= List of New York Yankees managers =

The New York Yankees are a professional baseball team based in New York City, New York in the borough of The Bronx. The New York Yankees are members of the American League (AL) East Division in Major League Baseball (MLB). The Yankees have won the World Series 27 times, more than any other MLB team. In baseball, the head coach of a team is called the manager. The duties of the team manager include team strategy and leadership on and off the field. Since starting to play as the Baltimore Orioles (no relationship to the current Baltimore Orioles team) in 1901, the team has employed 35 managers.

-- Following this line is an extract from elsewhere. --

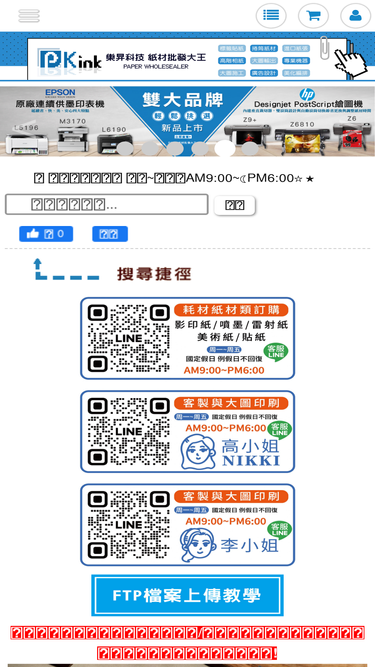 87%pkink紙材批發大王提供,油畫布,相片紙,冷裱膜,美術紙,銅版紙,透明貼紙,銅板貼紙,大圖輸出,epson印表機,冷裱機,a4標籤貼紙,代客印刷,噴墨紙,畫布,大圖輸出紙,防水pp,防水相紙,大圖機,客製商品服務,平面設計,施工服務,印刷服務,超商取貨貼,寄件貼紙。 我們在一般印表機專售已有多年以上的專業技術與操作經驗,以純熟的技術、嚴格的品質管理、合理的價格提供給客戶完善的產品和滿意的服務。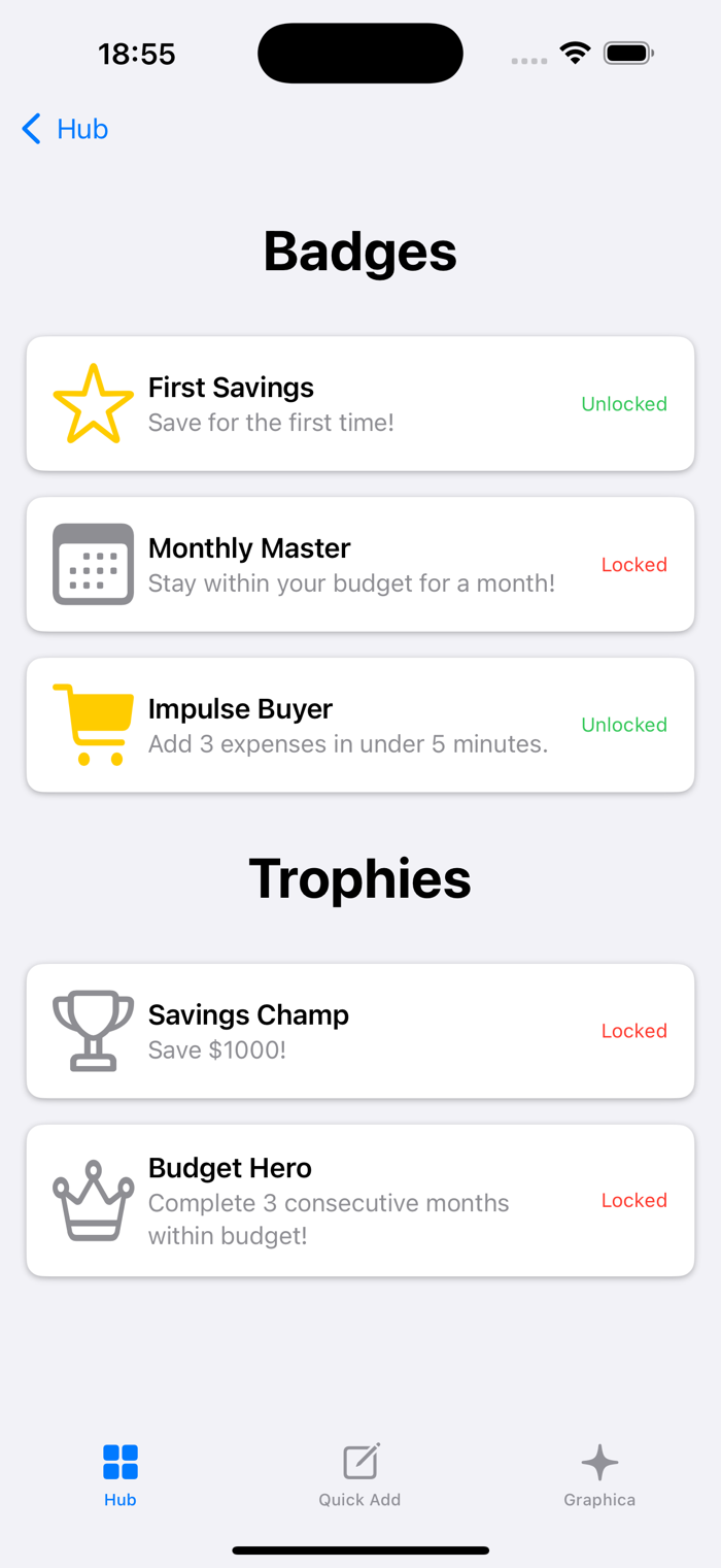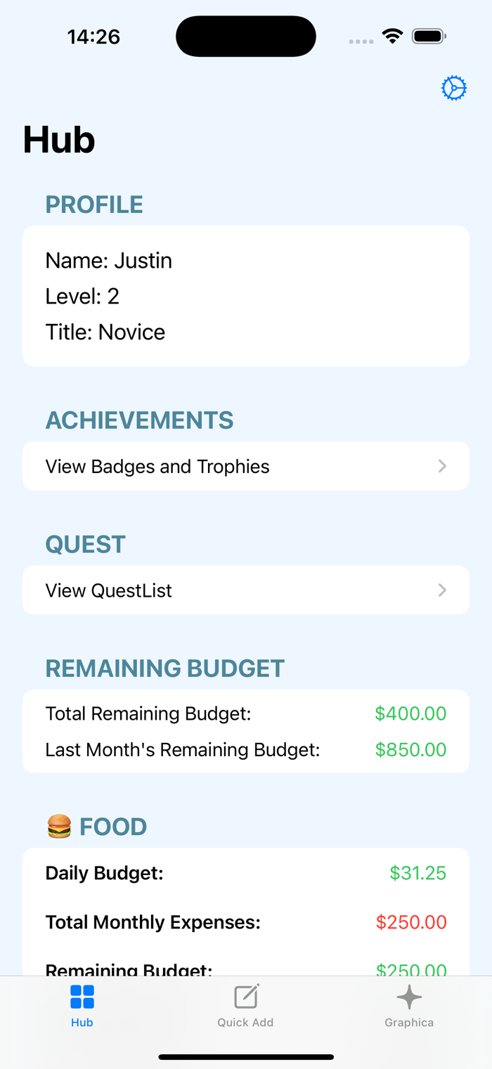- Gamification Elements – Earn levels, titles, and achievements for managing your budget

The current manager is Aaron Boone, the current general manager is Brian Cashman and the current owner is Hal Steinbrenner, the son of George Steinbrenner, who first bought the Yankees in 1973.

The franchise's first manager was Hall of Famer John McGraw, who managed the team for one year and part of a second before becoming manager of the New York Giants. In 1903, the team moved from Baltimore to New York, where it was initially known as the New York Highlanders. Its first manager in New York was Clark Griffith, who managed the team from 1903 to 1908. Miller Huggins was the next manager to manage the team for more than three seasons. Huggins took over the managerial duties in 1918 and led the Yankees to six American League championships and three World Series titles until his death in 1929. Huggins won 1,067 regular season games with the Yankees, which ranks fourth all-time among Yankee managers.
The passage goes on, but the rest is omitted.